– И тут я вижу, что Динино лицо по мере повествования вытягивается, каменеет и теряет всяческое выражение улыбки. Я продолжаю… Рассказ к концу все смешнее и смешнее… Трагизм в глазах гостьи возрастает. Что такое, думаю я в панике, ведь точно смешно! Заканчиваю… И вы, Дина, замороженным голосом, сквозь зубы говорите: «Рената, какая же вы блядь!» Ничего для первого раза, да? А?! – (Ее любимый выкрик: «А?!») – И когда я осторожно так замечаю, что в моем возрасте это, пожалуй, уже комплимент, и интересуюсь, чем, так сказать, заработала столь лестное… Дина сурово обрывает: «Вы хотите сказать, что этот рассказ у вас не записан?» Я отвечаю: «И этот, и все остальные». Дина с каменным лицом: «Конечно, блядь!»
Самое смешное, что этот рассказ основан на моем действительном возмущении: каждый раз я – письменный раб, пленник кириллицы, – услышав очередной виртуозно детализированный, оркестрованный колоссальным голосовым диапазоном устный рассказ Ренаты Мухи, принималась ругать ее:
– И это не записано?!
Второй рассказ – про то, когда я приезжаю в следующий раз, – еще пикантнее.
Как Рената открывает мне дверь, и я спрашиваю с разгоряченным лицом:
– Рената, почему у вашего соседа яйца справа?
Якобы я ошиблась дверью, мне открыл сосед на нижней площадке, и он был в трусах. И что в этом вопросе якобы никакого криминала нет. Оказывается, все английские портные-брючники, снимая размеры, непременно спрашивают клиентов: сэр, вы носите яйца справа или слева?
…И вот, переночевав у Ренаты, наутро я ухожу, цветы оставляю, конфеты забираю с собой…
В этом месте рассказа я всегда подозрительно спрашивала:
– Конфеты?! Забираю?! Как-то не верится. Это не про меня…
Рената сразу поправлялась:
– Или оставляете… Конфеты, впрочем, говно – кажется, «Вечерний Киев»… За вами захлопывается дверь, и тут мы слышим страшный грохот! Поскольку вы явились в каких-то умопомрачительных туфлях на гигантских каблуках, то вы и грохнулись как раз под дверью соседа с яйцами. И правильно! Нечего заглядывать, куда вас не приглашают!
– Понимаете, Дина, папа Вадик – большой математик касательно интегральных и дифференциальных эмпирей… Но вот когда кило рыбы стоит, положим, девятнадцать шекелей, и сколько тогда будет стоить полкило – этого он не может… А я могу только рыбу посчитать. Взять хотя бы эпопею с продажей квартиры. Дина, вы знаете, что такое маклеры – это племя особей, которые считают себя особыми психологами… Ну и Вадик осел под первым же маклером…

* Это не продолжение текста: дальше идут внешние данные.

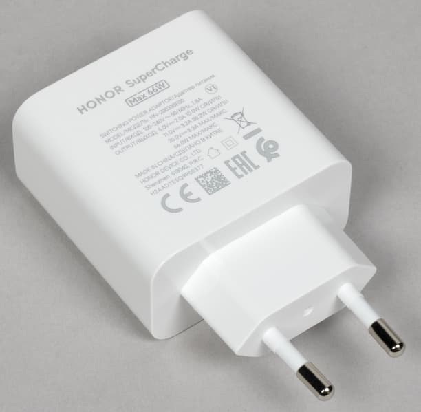 Комплект включает сетевой блок питания мощностью 66 Вт, соединительный кабель и защитный чехол.

Тут надо отдавать себе отчет, что квартира у нас плохая. Район тоже плохой. Вы знакомы с соседом, что живет под нами, – тот, который с яйцами. Наверху живет алкоголик. Я не знаю, где он носит яйца, и даже не знаю, есть ли они у него.
Раньше там жила хорошая женщина, отошедшая от дел, – ремесло ее было горизонтальным. Она была уже тяжело немолода. Приезжала на такси и у дома говорила таксисту, что денег у нее нет, но если он хочет, она может расплатиться иным способом. А таксисты, знаете, Дина, они легки на подъем… Во всяком случае, когда человек на время поднимается и потом спускается – я полагаю, он не ремонт ходил смотреть.
Так вот, сейчас в этой квартире поселилась марокканская женщина. Муж не обозначен.
– Это ужас! – говорю я искренне…
Рената умолкает и, тяжело вздохнув, говорит:
– Да, Дина, это большой, и страшный, и непредсказуемый ужас. Главное – непредсказуемый. Вот, положим, у вас горе: в квартиру по соседству въехала эфиопская семья. Это горе. Но предсказуемое горе: ну, там, они варят селедку, нежно кричат с утра до вечера пронзительными голосами – все это привычно и понятно… А марокканская женщина… помимо того, что она выбрасывает мусор из окна, у нее такое племенное качество: она развешивает белье, не ведая, что на свете существуют прищепки. В связи с чем ветер сносит подштанники и огромные бюстгальтеры вниз, все дерево под нашим окном увешано подштанниками. Дина, вы помните такое произведение для детей – «Чудо-дерево»?..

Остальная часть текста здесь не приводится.